The Sec. 6651 failure-to-file penalty is increased to $435.

The new kiddie tax in Sec. 1(j)(4), which was introduced by the law known as the Tax Cuts and Jobs Act (TCJA), P.L. 115-97, is repealed.


The act also extends many expired tax provisions. Among those extended through 2020 are:

  • Sec. 108(a)(1)(E), which excludes from gross income the discharge of qualified principal residence indebtedness income;
  • The Sec. 163(h)(3) treatment of mortgage insurance premiums as qualified residence interest, which permits a taxpayer whose income is below certain thresholds to deduct the cost of premiums on mortgage insurance purchased in connection with acquisition indebtedness on the taxpayer's principal residence;
  • The 7.5% (instead of 10%) adjusted-gross-income floor for medical expense deductions in Sec. 213(f); and
  • Sec. 222, which provides an above-the-line deduction for qualified tuition and related expenses.

Also extended were various incentives for employment and economic growth and for energy production and efficiency.

A number of credits that were scheduled to expire at the end of 2019 were extended through 2020. These include the Sec. 45D new markets tax credit, the Sec. 45S employer credit for paid family and medical leave, the Sec. 51 work opportunity tax credit, and the Sec. 35 credit for health insurance costs of eligible individuals.

Disaster tax relief

The act also provides tax relief for victims of various disasters occurring in 2018, 2019, and up to 30 days after Dec. 20, 2019. Eligible taxpayers can make tax-favored withdrawals from retirement plans.
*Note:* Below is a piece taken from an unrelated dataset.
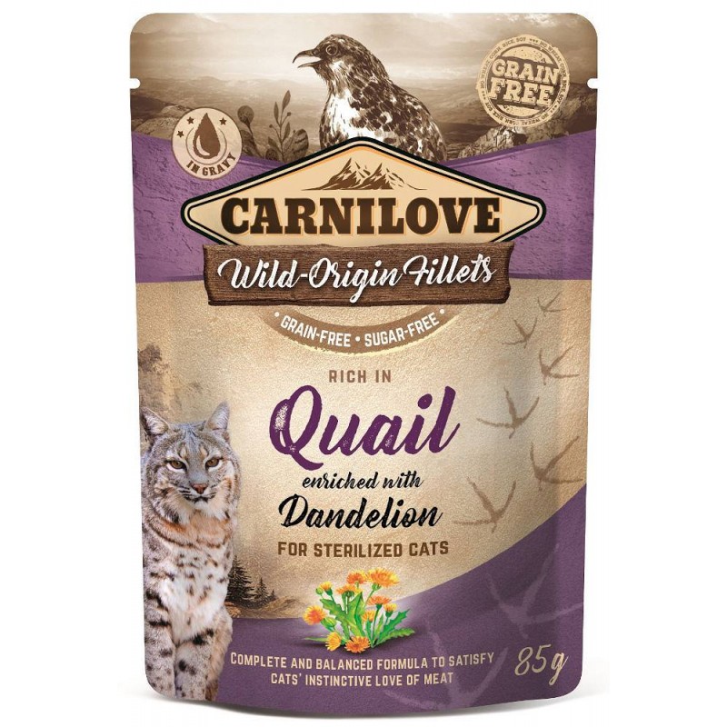 Carnilove Cat Quail&Dandelion to pełnoporcjowa karma mokra dla kotów dorosłych z hipoalergicznym mięsem przepiórki oraz mniszkiem lekarskim. W składzie karmy znajdują się starannie dobrane składniki - wysokiej jakości mięso i produkty pochodzenia zwierzęcego. W karmie nie zostały zastosowane składniki powodujące alergię, co za tym idzie idealnie nadaje się dla kotów alergików.

The legislation also enacts an employee retention credit for eligible employers equal to 40% of qualified wages, which are wages paid to an employee during the time the employer's business is not operating due to a natural disaster (up to 150 days after the disaster).
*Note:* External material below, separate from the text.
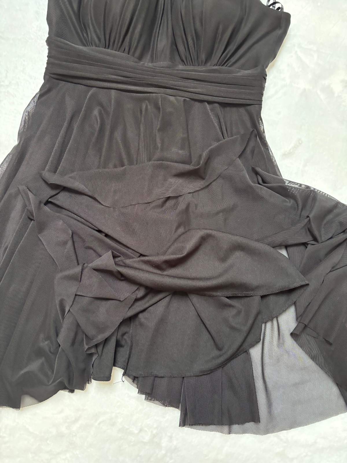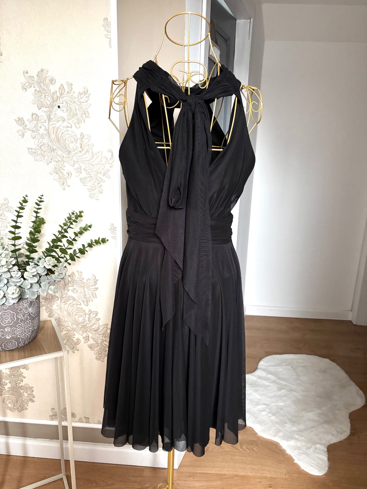 Kvalitné čierne spoločenské šaty, zapínanie vzadu na zips, podšité, nariasené, uväzovanie okolo krku na mašľu, padavý materiál super stav.

The act also implements special rules for disaster-related personal casualty losses and for determining earned income for purposes of the Sec. 32 earned income tax credit. The act also introduces automatic 60-day filing extensions for certain taxpayers affected by federally declared disasters.

Parking as UBTI

Finally, the act repeals Sec. 512(a)(7), which was enacted by the TCJA and which required tax-exempt employers that provide qualified transportation fringe benefits or parking to employees to pay unrelated business income tax on the amount by which a deduction is not allowable under Sec. 274.